• _WORK TO BE COMPLETED_
Repeat nothing but the line that contains "Zirconium oxide multi" and the lines after it, through the end of the listing, exactly as they stand; omit pictures.

• _SUPPLIED DATA_
------------

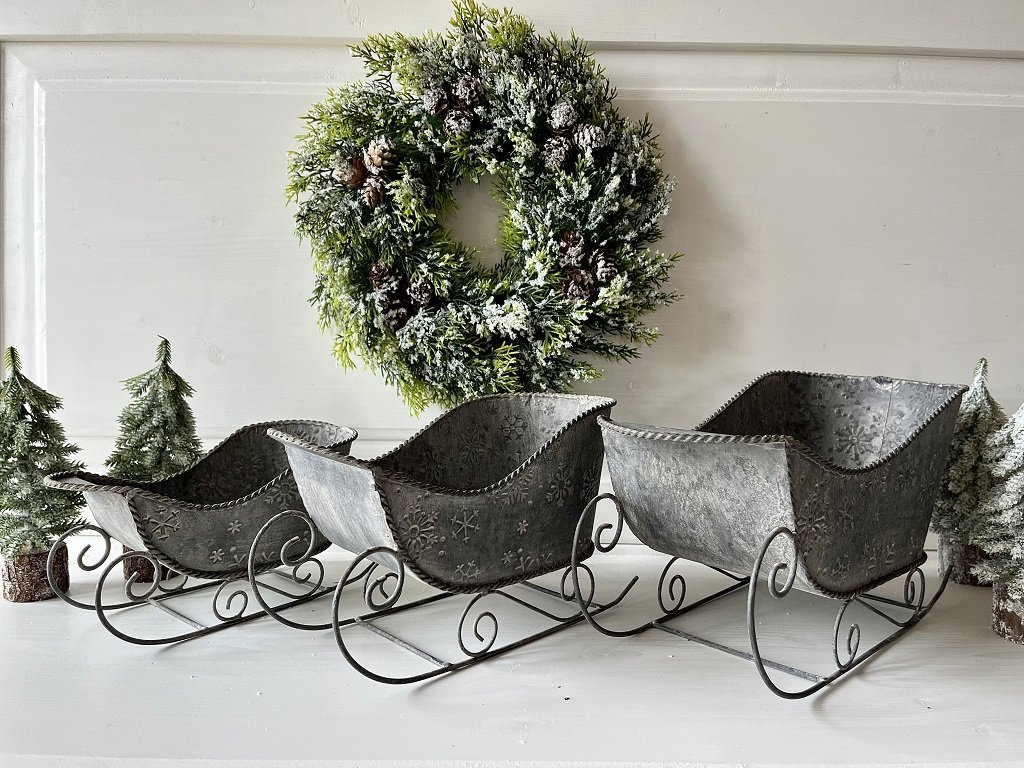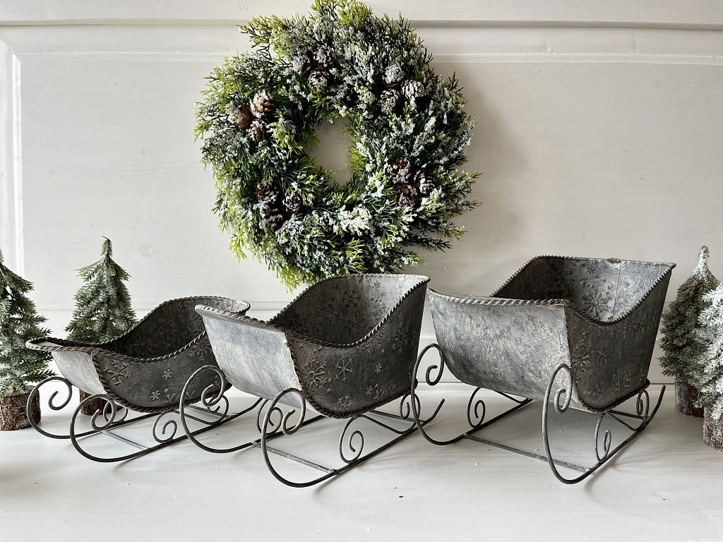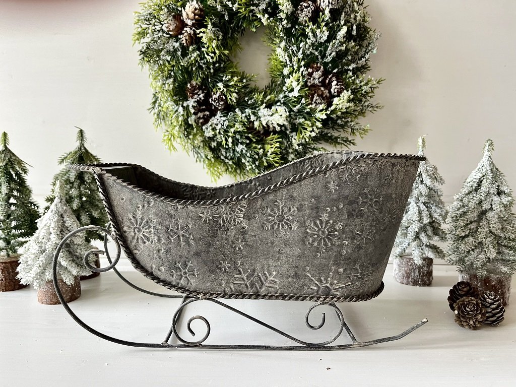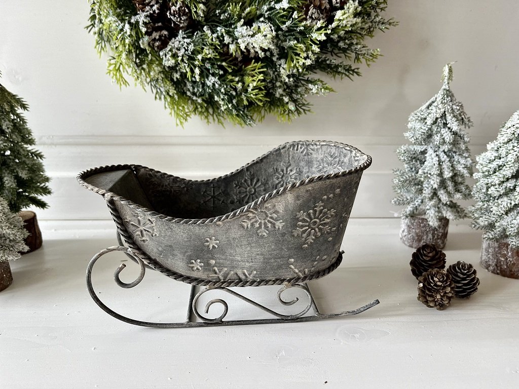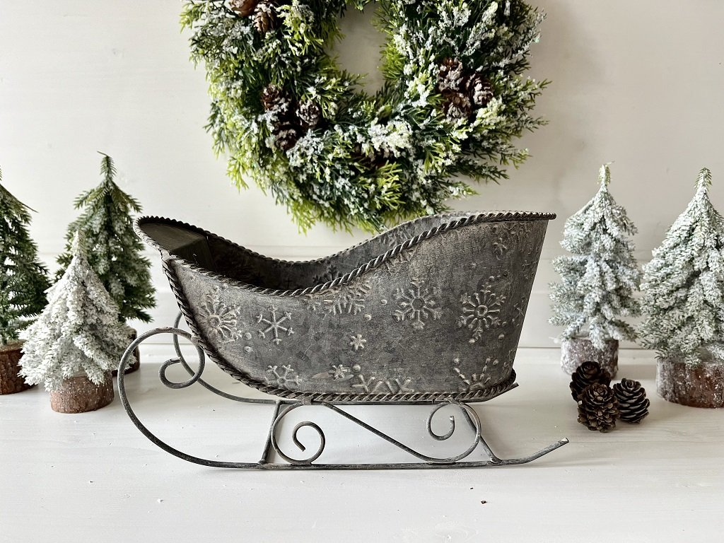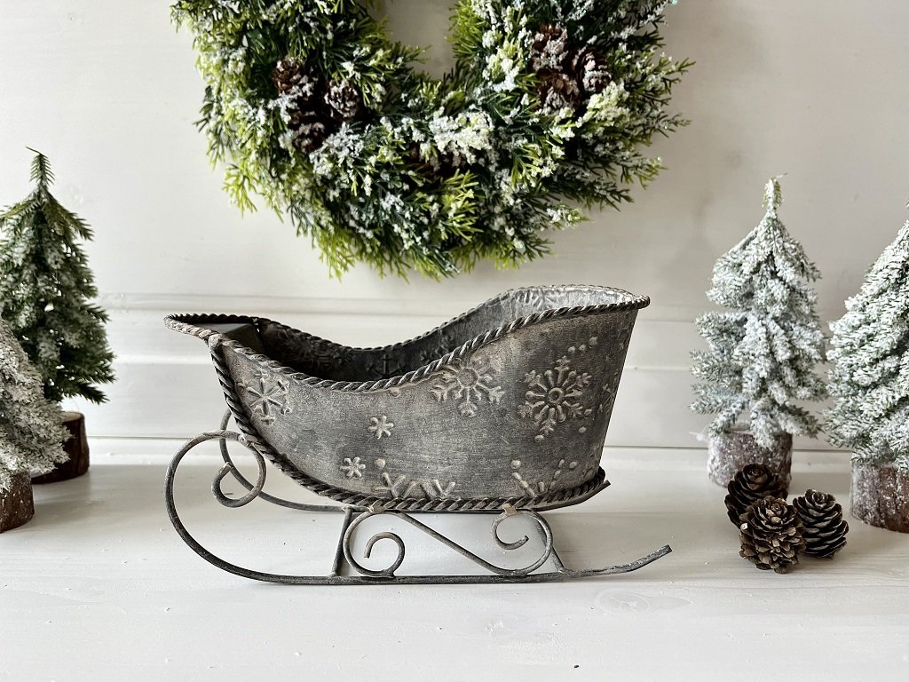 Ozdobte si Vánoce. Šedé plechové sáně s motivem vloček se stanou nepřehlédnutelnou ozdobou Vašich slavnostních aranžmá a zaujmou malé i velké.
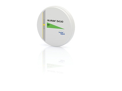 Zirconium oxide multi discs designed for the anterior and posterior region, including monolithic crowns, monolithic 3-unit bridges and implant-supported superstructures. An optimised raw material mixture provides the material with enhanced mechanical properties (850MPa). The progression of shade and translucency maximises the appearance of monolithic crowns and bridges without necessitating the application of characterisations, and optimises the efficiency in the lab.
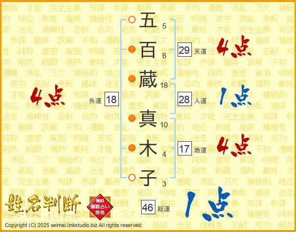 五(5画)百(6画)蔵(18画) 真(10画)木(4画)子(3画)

------------

• _TASK RESPONSE_
 Zirconium oxide multi discs designed for the anterior and posterior region, including monolithic crowns, monolithic 3-unit bridges and implant-supported superstructures. An optimised raw material mixture provides the material with enhanced mechanical properties (850MPa). The progression of shade and translucency maximises the appearance of monolithic crowns and bridges without necessitating the application of characterisations, and optimises the efficiency in the lab.
 五(5画)百(6画)蔵(18画) 真(10画)木(4画)子(3画)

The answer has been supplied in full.